While it hasn't quite actually been made official yet by the Federal Reserve, I think its quite clear that they are now becoming more concerned about inflation than the economic recession. The recession, or downturn, whatever it actually ends up being, has been the main objective of their monetary policy movements in the past 9 months. It takes very little reading of the tea leaves to see why the Fed would be getting so concerned with inflation right now.ben%20bernanke.jpg

Crude oil has shot through $135 a barrel, and a $4 average price for unleaded gasoline in the United States is an absolute shoe-in. Every day we have a new economist or oil trader coming out with a new prediction of $150 oil, $200 oil, $300 oil. Oil certainly has the fundamentals on its side, but the recent trade has gotten very speculative, and it is getting out of control.
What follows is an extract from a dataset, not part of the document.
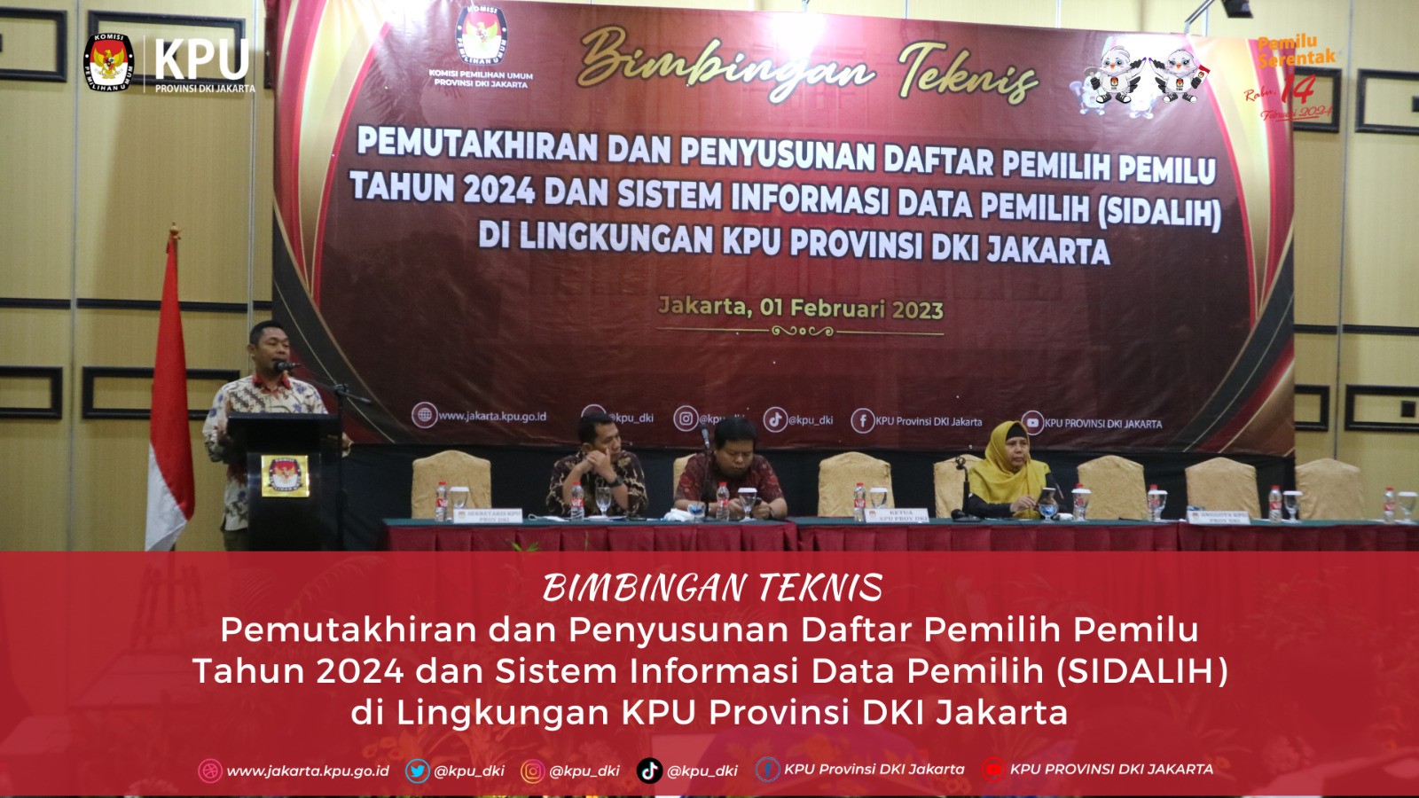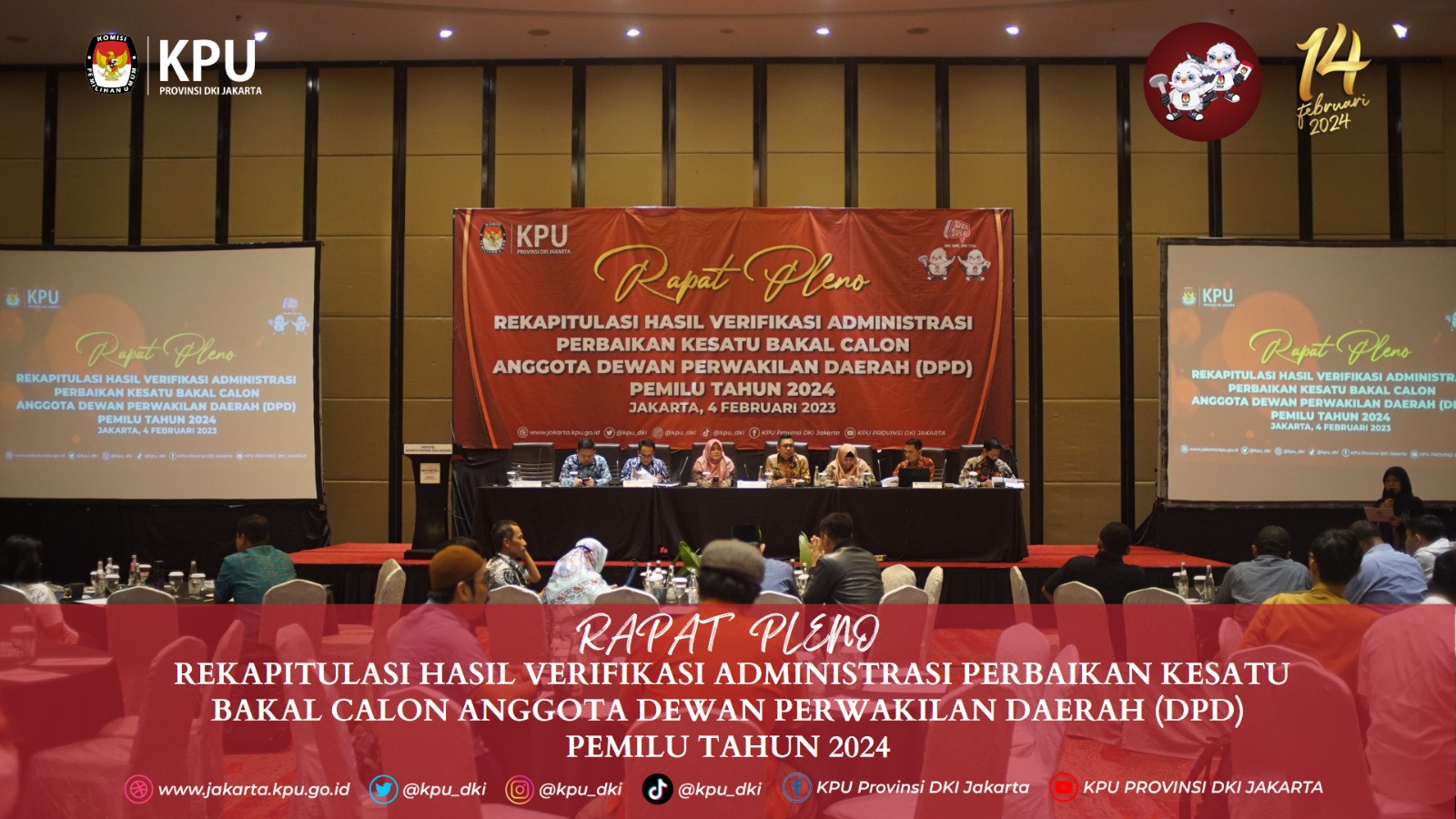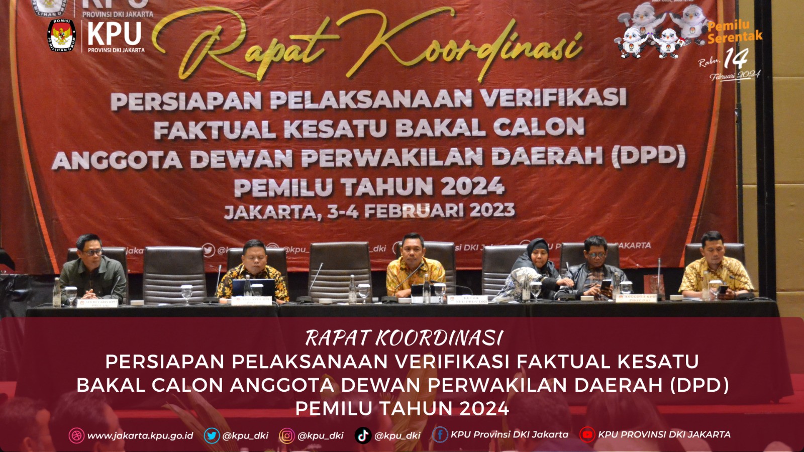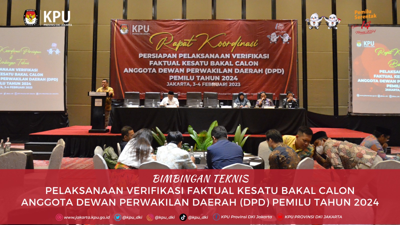 Memasuki tahapan rekapitulasi hasil verifikasi administrasi perbaikan data ke satu bakal calon Anggota Dewan Perwakilan Daerah (DPD) DKI Jakarta pada Pemilu Tahun 2024, KPU Provinsi DKI Jakarta menggelar rapat koordinasi di Lingkungan KPU DKI Jakarta pada Jumat, (3/1). Dalam sambutannya, Ketua KPU Provinsi DKI Jakarta Sunardi berharap semua Tahapan Pemilu 2024 berjalan dengan baik di seluruh KPU Kota/Kabupaten se-Provinsi DKI Jakarta. "Tentu kami berharap agar semua tahapan pemilu yang sedang berlangsung berjalan dengan baik di KPU Provinsi DKI, maupun Kabupaten/Kota se-DKI Jakarta," jelas Sunardi. Sunardi juga mengingatkan bahwa tahapan dalam pembentukan Pantia Pemutakhiran Data Pemilih (Pantarlih) juga menjadi bagian penting untuk KPU se-DKI Jakarta. "Beberapa tahapan yang cukup penting yang harus kita perhatikan antara lain adalah pembentukan Pantarlih," sambung Sunardi. Selain itu, Ketua Divisi Teknis Penyelenggaran Pemilu Nurdin menyampaikan apresiasi kepada seluruh Jajaran KPU Kota/Kabupaten se-DKI Jakarta yang telah menyelesaikan tugas dan tanggung jawabnya di satuan kerja masing-masing. "Saya mengucapkan ribuan terima kasih kepada teman-teman KPU Kota/Kabupaten yang sudah menyelesaikan tugas dan tanggung jawabnya, baik Ketua, Anggota, maupun Sekretaris dan Kasubbag. Ini bukan pekerjaan yang mudah karena banyak kendala yang kita temui dalam proses verifikasi," ujar Nurdin. Hadir dalam rakor tersebut Ketua KPU Provinsi DKI Sunardi, Anggota KPU DKI Nurdin, Muhaimin, Marlina, M. Tarmizi, Deti Kurniawati, Partono, Sekretaris KPU Provinsi DKI Jakarta Dirja Abdul Kadir. Peserta rakor dari KPU Kabupaten/Kota adalah Ketua, Anggota Divisi Teknis Penyelenggaraan Pemilu, Anggota Divisi Hukum dan Pengawasan, serta Jajaran Sekretariat KPU Provinsi dan KPU Kota/Kabupaten se-DKI Jakarta.

The problem is, it isn't just oil. Food prices are through the roof due to the jump in all the other commodity prices such as wheat and corn. A trip to the grocery store costs a lot more today than it did just a year ago. The average American family is really starting to feel the pain.

While the economic numbers may continue to point to a weakening of the overall economy, I do believe the Fed is making a wise decision in turning its eyes on inflation. If they don't try to keep inflation under control, this has the potential to be a very large and very long-term problem for the economy. One could argue that there has never been real inflation pressure on the everyday consumer as much as there is today. The Fed has lowered interest rates significantly to help the credit crisis and the overall economic slump, but now it must turn its priority toward keeping prices in check. 


1 Comments/Trackbacks




The Fed's "concern" with inflation is an absolute joke. All the talking heads on TV seem to think that by the Fed putting "strong" language in their recent statements, that that means they are serious about combating inflation. Unfortunately, in the real world, language (strong or otherwise) does not bring down the price of oil, food, or any other commodity or help to undo eight plus years of easy credit. I am not saying that the Fed wasn't backed into a corner and forced to go down their current route. But as long as the Fed continues to dance to the tune of Wall Street and help out the banks, they really couldn't give a you know what about what the average American is going through. The disconnect between Wall Street and Main Street is about a country wide. The Fed could have taken a cue from the European Central Bank and focused on price stability all along (which, curious enough, is in their mandate) and let the excesses of the system work themselves out.